Jesús le dijo: “Has respondido correctamente;
haz esto y vivirás.”
Pero él, queriendo justificarse, le preguntó a Jesús:
“¿Y quién es mi prójimo?”
Jesús respondió:
“Un hombre bajaba de Jerusalén a Jericó y cayó en manos de ladrones;
lo despojaron, lo golpearon y se fueron, dejándolo medio muerto.
Sucedió que un sacerdote iba bajando por aquel camino,
y al verlo, pasó de largo por el otro lado.
Asimismo, un levita llegó a aquel lugar,
y al verlo, pasó de largo por el otro lado.

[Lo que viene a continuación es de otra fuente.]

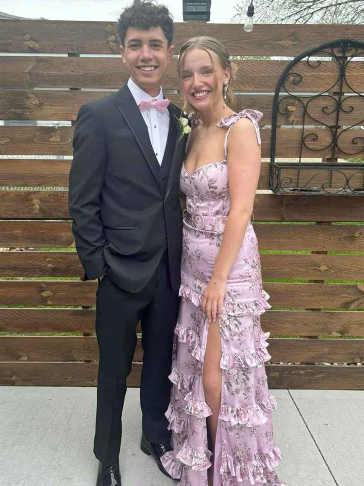 Straps Print Sleeveless Ruffles Prom Dress with Slit
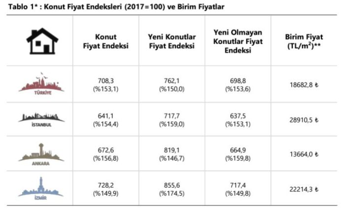 Ocak ayı itibarıyla konut fiyatları İstanbul’da yüzde 154.4, Ankara’da yüzde 156.8, İzmir’de yüzde 149.9 olarak gerçekleşti.
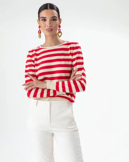 Gestreifter Pullover mit Katzenmotiv in Vanille/Zinnoberrot
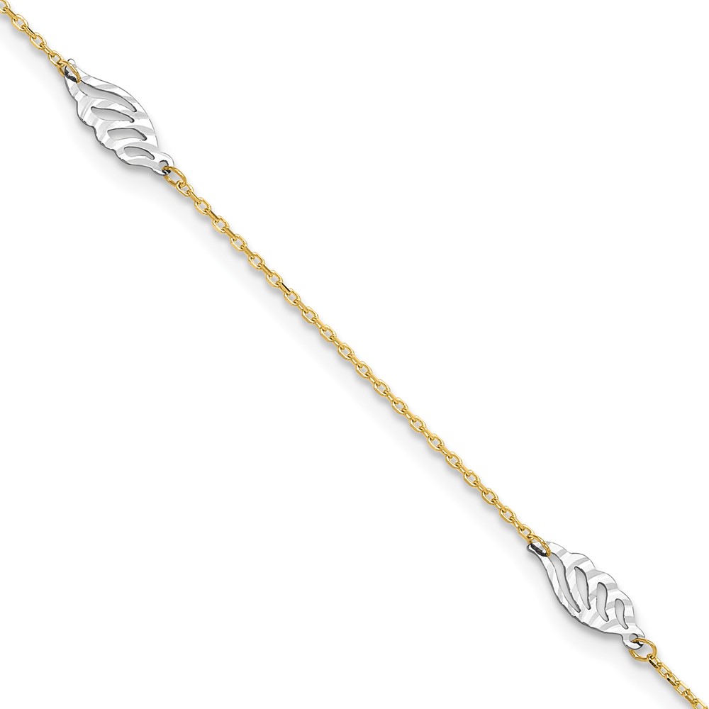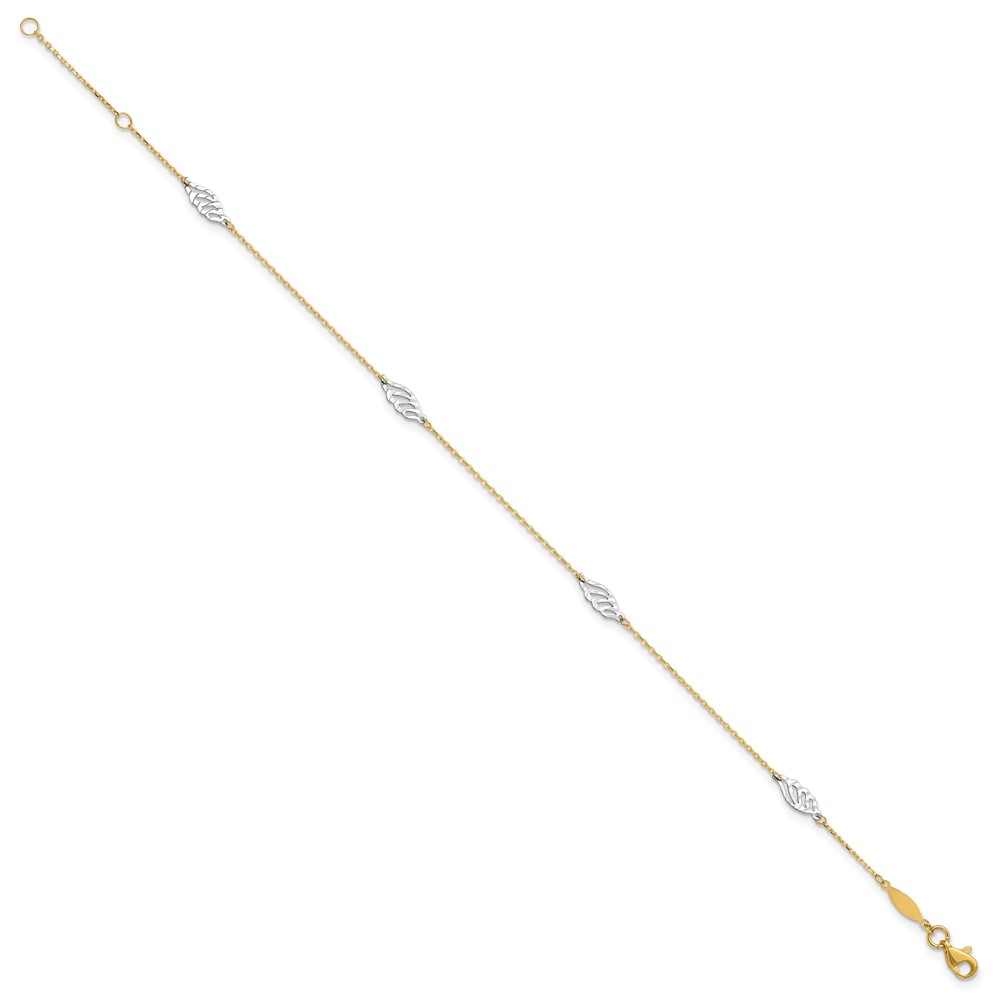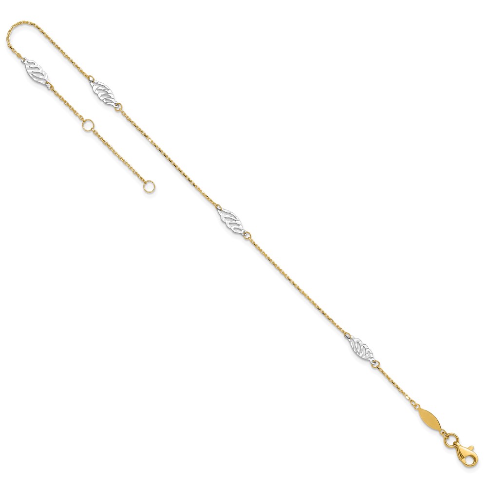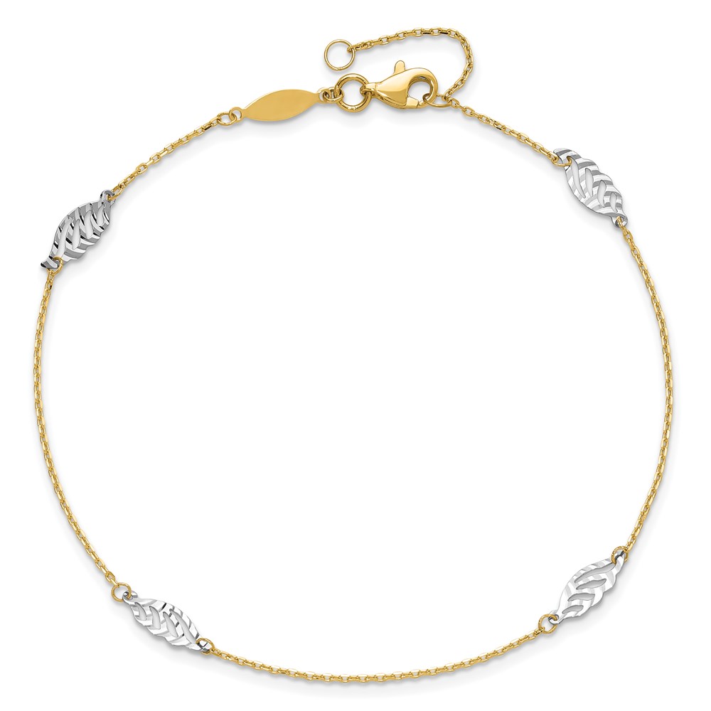 14K Two-Tone Diamond-cut Leaf 4-Station Plus Extender – Total Anklet
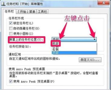 2、在打開的“任務(wù)欄和開始菜單屬性”窗口中,任務(wù)欄標(biāo)簽頁中點(diǎn)擊“屏幕上的任務(wù)欄位置(T)”后面方框內(nèi)的小三角,在彈出的下拉菜單中點(diǎn)擊底部,再點(diǎn)擊“應(yīng)用——確定”即可。
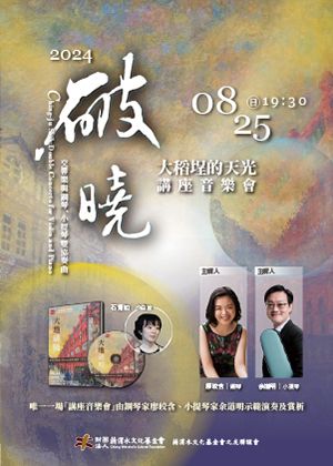 石青如 近期演出 2025.12.06 (六) - 2025.12.06 (六) 宜蘭演藝廳 蘭陽交響樂團九週年系列音樂會《石青如清唱劇——那些天蔣渭水在牢裡》 #蘭陽交響樂團/游家輔 #聲納合唱團、迎曦女聲合唱團、長庚校友合唱團/翁健民 #那些天 蔣渭水在牢裡/石青如 #詩詞朗誦/邢子青/音樂會導聆/蔣理容 過往演出 2024.06.21 (五) 衛武營國家藝術文化中心 【因為音樂】台北愛樂合唱家族高雄巡演 #台北愛樂室內合唱團 #台北愛樂青年合唱團 #台北愛樂婦女合唱團 #因為音樂 2024.09.08 (日) 衛武營國家藝術文化中心 台灣獨奏家交響樂團《風起王城》 #台灣獨奏家 #臺南400 #風起王城 #蕭邦享 2025.10.23 (四) - 2025.10.23 (四) 臺北市中山堂 因為有你 就是天堂 #臺北市青青合唱團 #請問芳名人聲樂團 #台灣安寧照顧協會 #指揮張成璞 2024.05.11 (六) 臺南文化中心 臺南市交響樂團《風起王城》 #臺南市交響樂團 #臺南400 #臺南國際音樂節 #石青如 2024.08.25 (日) 國家兩廳院 石青如《破曉~大稻埕的天光》鋼琴、小提琴雙協奏曲 #石青如 #破曉大稻埕的天光 #廖皎含 #余道明 2025.10.25 (六) - 2025.10.25 (六) 台北生技園區 友園相逢 #劉靜諭 #鍾華琳 #逢友室內合唱團 #新竹科學園區合唱團 2024.09.14 (六) - 2024.09.15 (日) 國家兩廳院 2024台灣芭蕾舞團創作演出《獻給台灣的一首詩》 #芭蕾舞 #舞蹈 #台灣芭蕾舞團 2024.05.06 (一) - 2024.05.07 (二) 國家兩廳院 2024師友合唱團「啟航」世界合唱大賽行前音樂會 #師友合唱團 #曾惠君 2024.10.05 (六) 行過-盡看人生的春夏秋冬~一場樂齡共伴的跨界音樂會 #莊敏仁 #香頌合唱團 #光明國中舞蹈 我們覺得或許你也會喜歡 優樂弦樂團 社團法人中華民國身心障礙者藝文推廣協會 新古典愛樂 誠品人 安永財務管理諮詢服務股份有限公司 台北爵士大樂隊
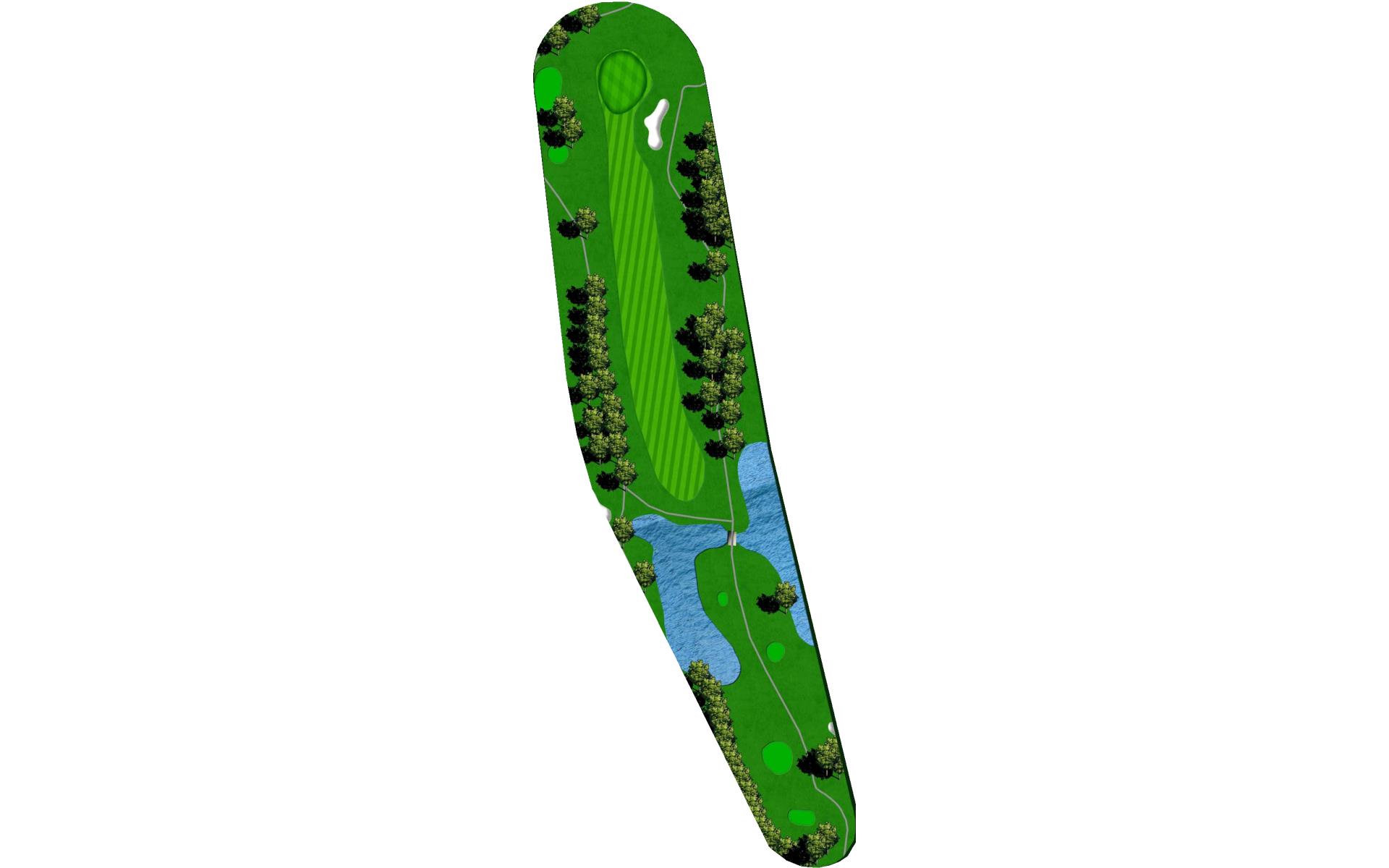 Difficult tee shot with water on right and crossing the fairway. Mostly a three-shot hole. Difficult approach shot to a narrow green that is slightly elevated.

Pero un samaritano que iba de viaje, al verlo, se conmovió.
Se acercó al herido,
y le echó aceite y vino en sus heridas, y las vendó.
Luego lo subió a su propia cabalgadura,
y lo llevó a un mesón, y cuidó de él.
Al día siguiente sacó dos denarios y se los dio al posadero, y le dijo:
‘Cuida de él;
y si gastas algo más, yo te lo pagaré a la vuelta.’
¿Cuál de estos tres te parece que fue el prójimo del que cayó en manos de los ladrones?”
Él respondió: “El que tuvo misericordia de él.”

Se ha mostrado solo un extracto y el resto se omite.